The Congregation of the Mother of Carmel (CMC) continues to recognize the historical contributions of Chavara for all his support to the congregation, while the CTC congregation identifies Mother Eliswa as its sole foundress.

Kuriakose Elias Chavara strongly desired the establishment of a women’s religious congregation in the Malabar Church. He considered the absence of convents for women a “pathetic situation” and hoped for a space where girls could receive spiritual instruction, become good Christians, and contribute to society through education and virtue. He offered support and spiritual direction to those pursuing such a vision.

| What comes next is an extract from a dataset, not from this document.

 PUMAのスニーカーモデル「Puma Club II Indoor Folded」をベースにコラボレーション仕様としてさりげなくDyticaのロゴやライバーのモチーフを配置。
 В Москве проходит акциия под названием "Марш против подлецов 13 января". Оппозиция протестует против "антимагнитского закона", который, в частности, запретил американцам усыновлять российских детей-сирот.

His close associate and confessor, Fr. Leopold Beccaro, noted Chavara’s enthusiasm and administrative support in helping organize the early steps of the congregation. However, the Dicastery for the Causes of Saints, in a decree approved by Pope Francis on 14 April 2025, officially recognized Mother Eliswa Vakayil as the founder of the Congregation of the Third Order of the Discalced Carmelites (TOCD), now known as the Congregation of the Teresian Carmelites (CTC). While Chavara was a significant supporter, the canonical designation of foundress is now formally attributed to Mother Eliswa.

==Writings==

All the literary works of Kuriakose Chavara were written between 1829 and 1870. The literary writings of Kuriakose Chavara are unique in two aspects. First, it reflects the religious spiritualism of Christianity. Second, even after a century after the Kuriakose Chavara wrote, there are limited number of literary works with reference to Christianity.

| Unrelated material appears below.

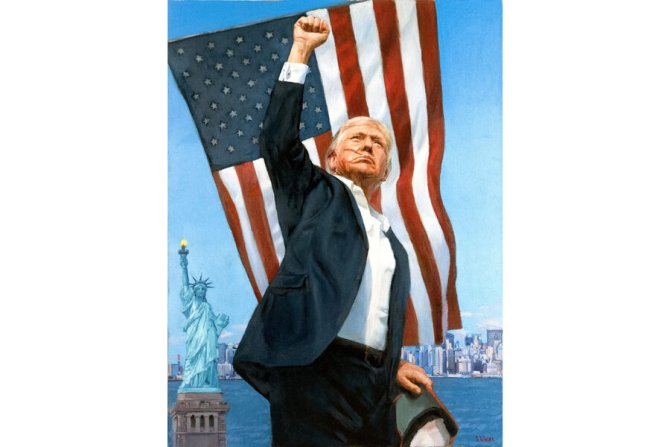 O, Trampın sui-qəsd zamanı çəkilən fotosunu Amerika bayrağının və Azadlıq Heykəlinin fonunda təsvir edib.

The writings of Kuriakose Elias Chavara can be divided generally into following categories during the namely:
- Chronics and historical writings
- Spiritual writings
- Letters
- Prayer Texts
- Writings on Liturgy
- Writings related to administration

===Chronicles and historical writings===
The Chronicles (Nalagamangal) narrates the daily events not only of the monastery but also of the society. These writings were originally found in Malayalam, in Kuriakose Chavara's own handwriting. There are two manuscripts under the title 'Mannanam Nalagamangal.' Together with the events of the CMI Congregation the chronicles depict events associated with the Society and Kerala Church of that time. The book 'Complete Works of Chavara', Vol. 1 published in 1990 contains five Chronicles.

===Spiritual writings===
====Atmanuthapam (The lamentations of a Repentant Soul)====
It is an autobiographical poem written in epic style – Mahakavyam (Mahakavya). The poem gives life to life of Jesus from birth to ascension into heaven and life of Mary from ascension of Jesus to assumption of Mary into heaven. The uniqueness of the poem is that Kuriakose Chavara brings his own life experiences from childhood.

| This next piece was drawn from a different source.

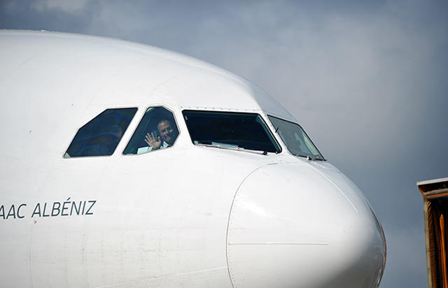 コックピットから手を振るイベリア航空の運航乗務員=16年10月19日 PHOTO: Yusuke KOHASE/Aviation Wire

According to Dr. K.M. Tharakan Atmanuthapam reflects Kuriakose Chavara's philosophy of life which in turn exemplifies a Christian religious life. Dr. Tharakan states, "...Humility, which is not self-contempt, and repentance are the foundation stones of the philosophy of his life. Thus the first step is faith in God. The second is the belief that one can reach God through Jesus Christ. The third is the conviction that without repenting and accepting Jesus, one cannot reach Christ... what a Christian obtains is the awareness of the noble qualities. These qualities are 'faith', 'hope' and 'love'. Only through these triple qualities, a Christian can attain Christ."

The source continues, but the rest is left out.